Menjelang Paris-Roubaix 2024, tim-tim yang disponsori Specialized pun kabarnya tidak lagi memakai model Roubaix, walau model itu dirancang untuk medan Paris-Roubaix. Tim-tim itu akan memakai sepeda "standar" lomba-lomba lain: Tarmac SL8 terbaru.

Yang mungkin nyeleneh adalah Tim Israel-Premier Tech (IPT). Saat menjajal rute Paris-Roubaix, pembalap-pembalapnya menggunakan sepeda gravel! Yaitu Factor Ostro Gravel. Kebetulan, banyak sepeda gravel sekarang juga berorientasi racing, memiliki fitur aero juga. Ostro Gravel termasuk aliran aero gravel ini (dan kalau milik saya, ya sepeda aero gravel Wdnsdy Journey KS).

Walau punya kesempatan pakai ban lebih lebar lagi, misalnya 34 mm, Tim IPT tetap memakai ban 32 mm saat cek rute.


Tim IPT turun di Paris-Roubaix menggunakan sepeda gravel.

"Kami telah melakukan banyak tes di atas cobble, membandingkan Ostro VAM (road bike "normal", Red) dengan Ostro Gravel. Kesimpulan besarnya, Ostro Gravel bakal jadi pilihan terbaik untuk Paris-Roubaix. Ostro Gravel memiliki wheelbase lebih panjang, (lebih stabil) untuk balapan seperti Paris-Roubaix. Memberi pembalap lebih banyak waktu untuk bereaksi (dari potensi masalah)", tutur Gary Blem, equipment manager IPT.

Kebetulan, grup Indonesia kami kenal baik dengan Gary Blem ini. Dia dulu kepala mekanik di Team Sky (sekarang Ineos) waktu Chris Froome masih di tim tersebut. Dia rupanya masuk dalam gerbong Froome ketika pindah ke IPT.


Hutan Arenberg, bagian cobble kasar cepat dan berbahaya di Paris-Roubaix.

Sepeda gravel ini akan lebih berguna lagi andai cuaca buruk menerpa lomba. Dan ada indikasi Paris-Roubaix kali ini juga akan tersiram hujan. Andai kondisi jalan jadi basah, apalagi berlumpur, tim-tim yang memakai Specialized pun mengaku sudah siap geser lagi ke sepeda Roubaix.

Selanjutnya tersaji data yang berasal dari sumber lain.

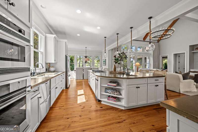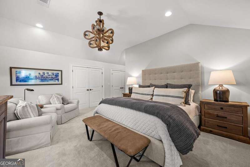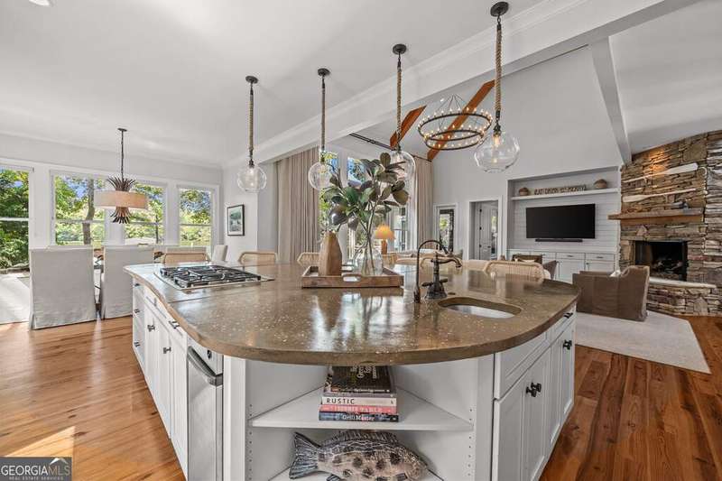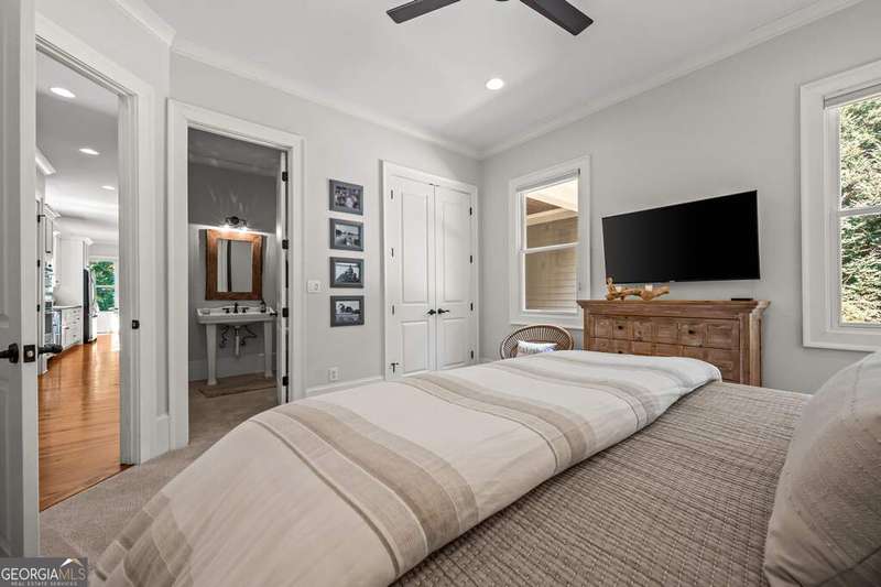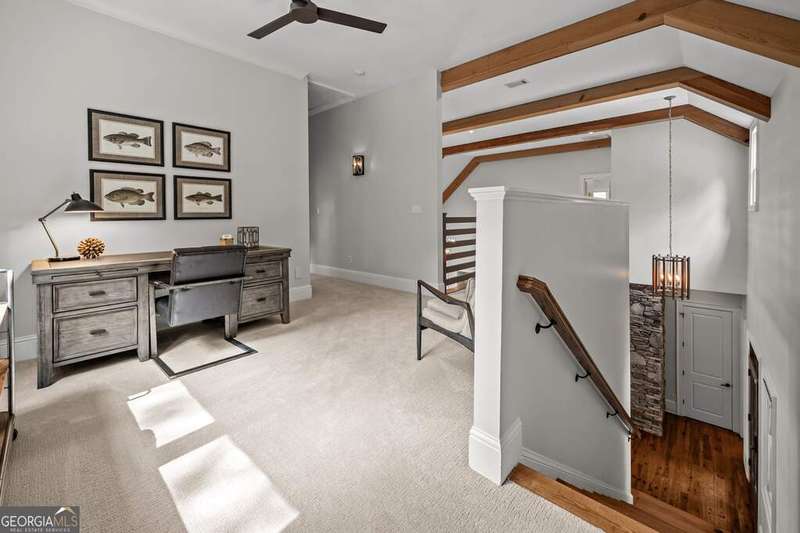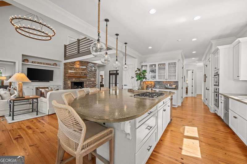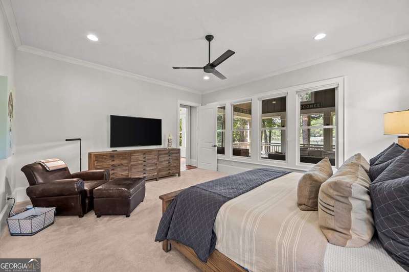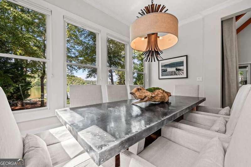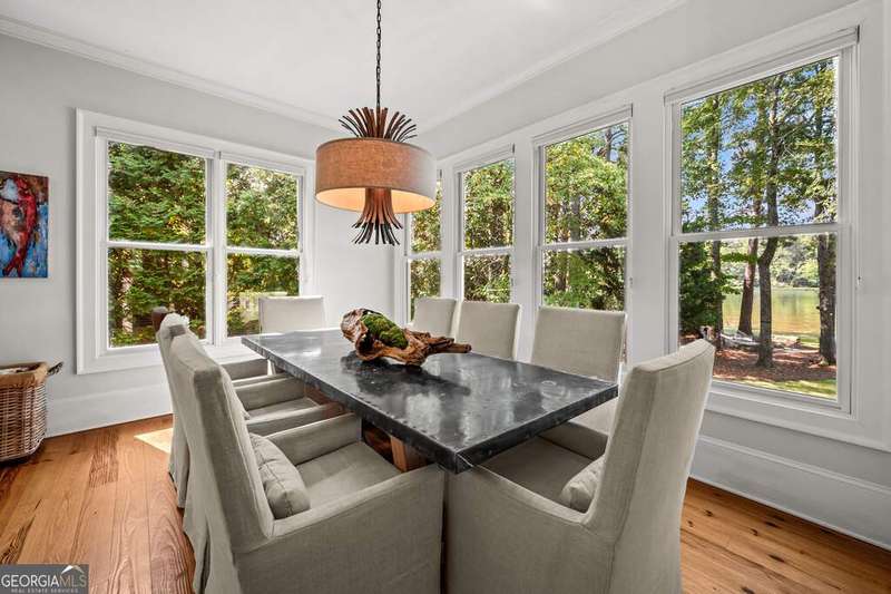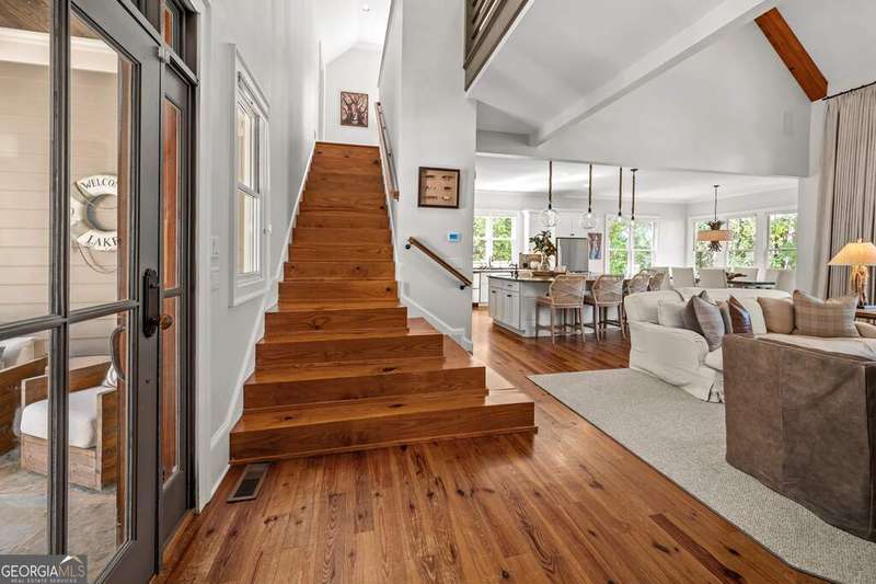 If you're looking for Lake Oconee living set on a quiet cove with max dock and a flat, landscaped backyard, then this 5 bedroom, 4.5 bathroom lake front property in the Emerald Shores neighborhood is ready for you! This DreamBuilt home features an open floor plan with a two-story great room and stone fireplace, kitchen featuring stainless steel appliances and oversized island that accommodates 6+ guests, dining space that accommodates 8+ guests, all with lake views and perfect for entertaining! Additional entertaining space is located on the screened in porch featuring a wood-burning fireplace and hot tub. Primary suite, guest room with ensuite bathroom, powder room, and utility room on the first floor allow for one floor living. The second floor features the third ensuite bedroom and a fourth bedroom with quick access to the hallway bathroom. The current owner uses the fifth bedroom as combined bunk room plus sitting area - this flexible space also can be used as a game room or office space. Additional features include recently refurbished max dock, two electric personal watercraft lifts, 7,000lb hydraulic boat lift, yard irrigation system, exterior light and hard scaping, firepit, 25' commercial flag pole, new dual electric hot water heaters, water softener and purification systems, central vacuum, interior remote start propane fire place, 10-feet ceiling on main floor, two car garage, car charging outlet, guest parking, and more! Home is located a short boat ride away from the planned Hideaway, Ritz Carlton, Jumping Rock, Birch restaurant, among other Lake Oconee points of interest!! For a truly turnkey vacation home experience, Seller is offering select furniture, boat, and personal watercraft by way of a separate bill of sale.

Jadi, sampai benar-benar hari lomba, utak-atik sepeda ini masih akan berlangsung. Dan sekali lagi, inilah yang membuat lomba-lomba cobble, seperti Tour of Flanders dan Paris-Roubaix, menjadi event yang menarik bukan sekadar aksi di rutenya, tapi juga seputar setelan sepedanya!

PS: Mengingat buruknya kondisi jalan secara umum di Indonesia, setelan Paris-Roubaix mungkin relevan untuk kita-kita di Indonesia! (azrul ananda)


Azrul Ananda di Velodrome Roubaix, tempat finis Paris-Roubaix.